Can’t a guy have a beer in peace? |

Can’t a guy have a beer in peace?

Jeff Ackerman

There were only two of us bellied up to the bar at the time, and there was no sporting event on television to occupy our thoughts. So I introduced myself to the fellow to my right and he grunted.

“I know who you are,” he said. “You’re part of the liberal media.”

In the mood for a little conversation with my beer, I decided to challenge my new friend.

“Actually, I’m not,” I said.

“Not what?” he said.

“Not part of the liberal media,” I explained, knowing I should have taken the state transportation job when it was offered up 25 years ago.

“Really?” he challenged. “Then how come you keep referring to Najaf and Karbala as holy cities in your news stories from Iraq?”

“I don’t,” I stammered. “I’ve never been to Najaf or Karbala in my life. I suppose the correspondents in Iraq refer to them that way because they have serious religious significance to the Shiite Muslims.”

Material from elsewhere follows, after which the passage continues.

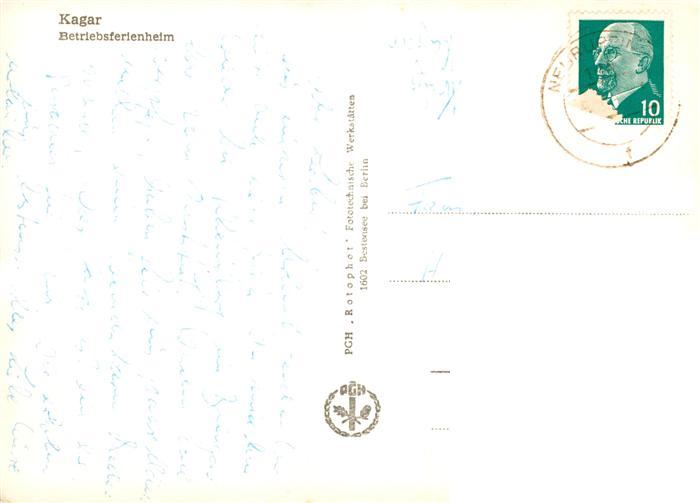 73924567 alte Postkarte Kagar Rheinsberg Betriebsferienheim postalisch gelaufen Erhaltung siehe scans [WerneD78] KatCode: 11110012068353
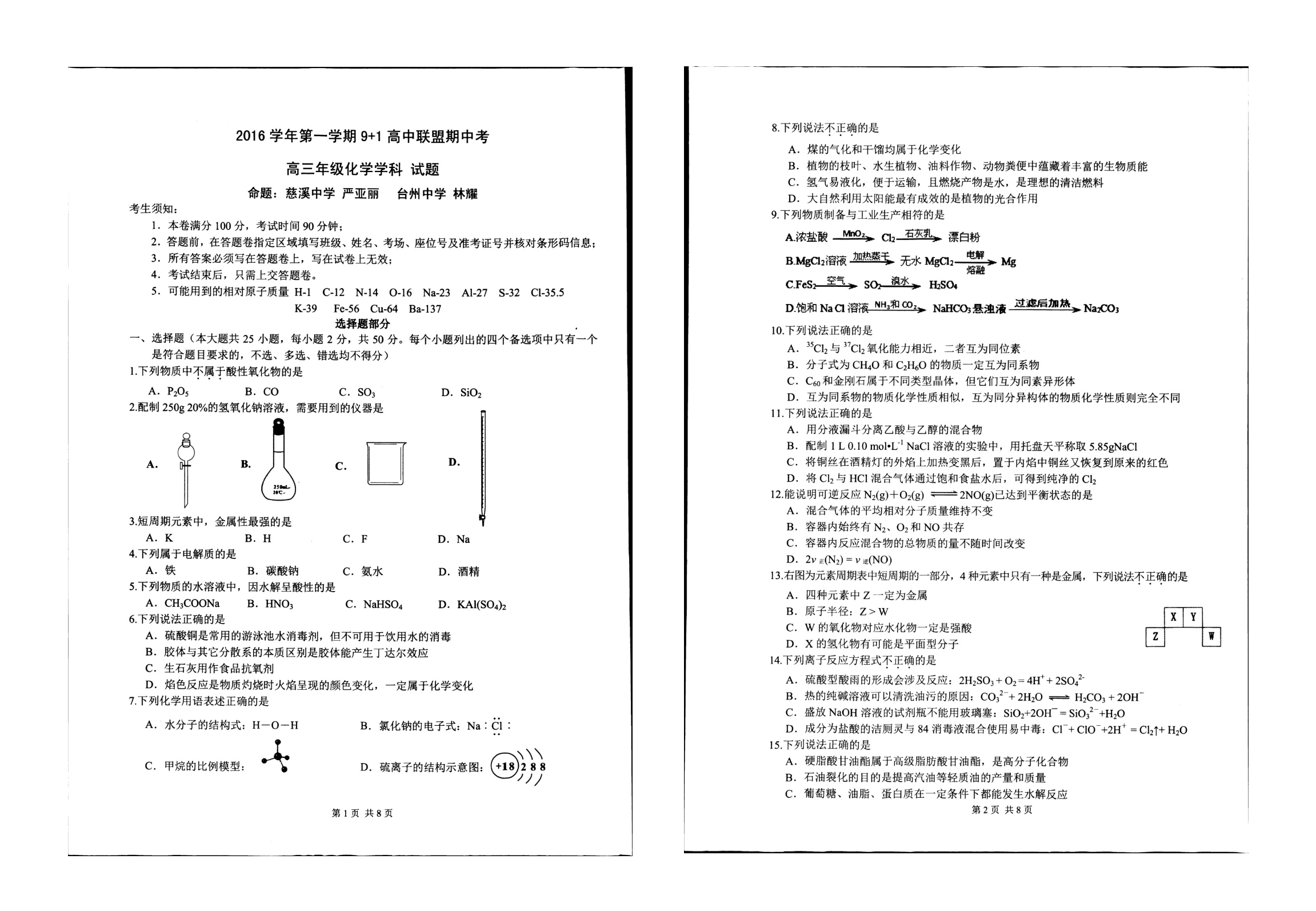 2016学年度第一学期91高中联盟化学试题、参考答案、答题卷(8K)

“Or it could be that you want to make it seem like Americans are destroying something holy as they try to weed out the murdering terrorists who are using the so-called holy cities as hostages. What’s holy about a place where they worship AK-47s and rocket launchers?”

“Good point,” I said. “It does seem as if they’re trying to hide behind their religious cloaks a bit much.”

“And I love the headlines you guys write about Americans bombing mosques,” he continued, feeling his oats a bit. “When you hide weapons inside a church during a war, it’s no longer a church. It’s just another building with weapons inside.”

“Yeah, but mosque sounds so much more … I don’t know … compassionate than building,” I argued, suddenly wishing the place would fill up so I could sneak out the back. “And it’s a shorter word.”

“And those pieces of garbage who cut that American’s head off on videotape? Why does the media call it a revenge killing?” he pressed. “Revenge for what? For putting women’s undies over a prisoner’s head?”

He was on a roll now, and the bartender was leaning in to hear my response.

“Those guys in that video are the reason we’re fighting today,” the bartender chimed in, sensing a kill.

“I never said they were justified!” I shouted. “They said in the video it was revenge. The media just reports the facts and nothing but the facts!”

That’s when my new friend shoved that morning’s San Francisco Chronicle next to my peanuts.

“Look at that!” he said, tapping his finger on a story under a headline that read: “Officials say methods at prison broke rules.” There was a subhead suggesting that Geneva accord violations were rampant at the now-famous Abu Ghraib prison.

The fellow then turned the pages of the Chronicle to A13, where a headline read: “CIA reportedly confirms al-Zarqawi was beheader.” The story went on to indicate that terrorist Abu Musab al-Zarqawi was the masked man who beheaded the American civilian in Iraq.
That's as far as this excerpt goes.